What is Sandhoff Disease from a medical perspective
What is Sandhoff Disease?
Sandhoff disease is a rare, genetic, lipid storage disorder resulting in the
progressive deterioration of the central nervous system. It is caused by a
deficiency of the enzyme beta-hexosaminidase, which results in the
accumulation of certain fats (lipids) in the brain and other organs of the body.
Sandhoff disease is a severe form of Tay-Sachs disease--which is prevalent
primarily in people of Eastern European and Ashkenazi Jewish descent--but it
is not limited to any ethnic group. Onset of the disorder usually occurs at 6
months of age. Neurological symptoms may include motor weakness, startle
reaction to sound, early blindness, progressive mental and motor
deterioration, macrocephaly (an abnormally enlarged head), cherry-red spots
in the eyes, seizures, and myoclonus (shock-like contractions of a muscle).
Other symptoms may include frequent respiratory infections, doll-like facial
appearance, and an enlarged liver and spleen.
Is there any treatment?
There is no specific treatment for Sandhoff disease. Supportive treatment
includes proper nutrition and hydration and keeping the airway open.
Anticonvulsants may initially control seizures.
What is the prognosis?
The prognosis for individuals with Sandhoff disease is poor. Death usually
occurs by age 3 and is generally caused by respiratory infections.
What research is being done?
The National Institute of Neurological Disorders and Stroke (NINDS), a
component of the National Institutes of Health (NIH), conducts research about
lipid storage diseases in laboratories at the NIH and also supports additional
research through grants to major medical institutions across the country
How is the disease transmitted?
When two unaffected carriers of the HexB gene mutation become parents,
then for each pregnancy:
There is a 1-in-4 (25%) chance that the child will inherit the regular HEXB gene
from each parent and will be completely free of the HEXB gene mutation and
will not be affected by SD.
There is a 2-in-4 (50%) chance that the child will inherit both a regular copy
and a faulty copy of the HEXB gene and be a carrier of the faulty gene,
unaffected by SD, just like his/her parents
There is a 1-in-4 (25%) chance that the child will inherit the faulty HEXB gene
from each parent. This child will be affected with Sandhoff disease.

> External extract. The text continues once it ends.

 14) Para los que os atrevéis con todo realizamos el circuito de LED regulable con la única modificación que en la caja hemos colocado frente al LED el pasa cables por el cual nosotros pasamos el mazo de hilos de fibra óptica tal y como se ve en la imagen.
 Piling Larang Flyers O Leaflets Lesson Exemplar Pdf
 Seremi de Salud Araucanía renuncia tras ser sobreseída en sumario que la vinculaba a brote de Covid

Does it affect one's health to be a carrier of the HEXB genetic mutation?
No. Carriers of the HEXB gene mutation are completely unaffected by SD.

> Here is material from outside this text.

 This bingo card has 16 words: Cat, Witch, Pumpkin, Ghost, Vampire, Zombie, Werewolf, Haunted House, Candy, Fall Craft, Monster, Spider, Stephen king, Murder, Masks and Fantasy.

Is it possible to test to see if a person is a carrier of the faulty HEXB gene?
Yes. Although there is no cure or effective treatment for SD, genetics carrier
testing is available. Extensive genetics carrier testing for Tay-Sachs disease in
various regions of the world has lead to its virtual elimination in these areas.

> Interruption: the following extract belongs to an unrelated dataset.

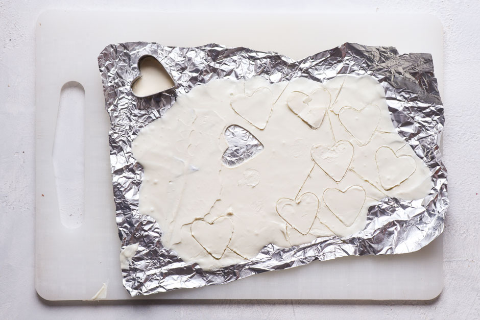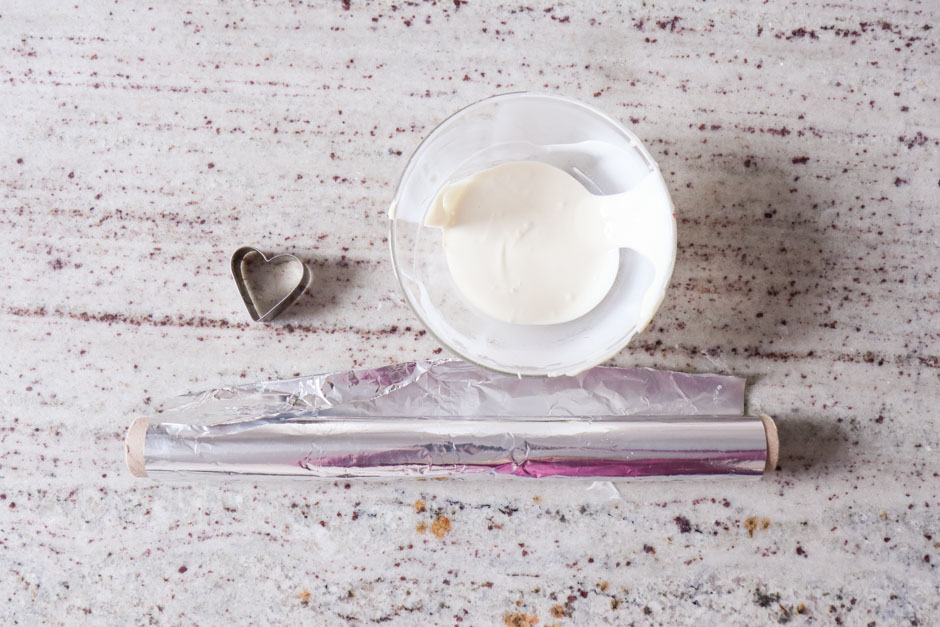Для декора пирожных я сделала сердца из белого шоколада. Из оборудования мне понадобились лишь фольга и вырубка сердце (для бисквита она была маленькой). Шоколад я затемперировала на плите. Вы можете воспользоваться методом темперирования шоколада на замороженных овощах.

If I do not have a family history of Sandhoff disease do I need to be tested?
Yes. Over 95% of couples with children affected by SD have no family history of
the disease because the HEXB gene mutation is silently passed down
through the generations. However, if there is a family history, then the risk is
much greater. People who have a known family history of SD should seek
further information through genetics counselling.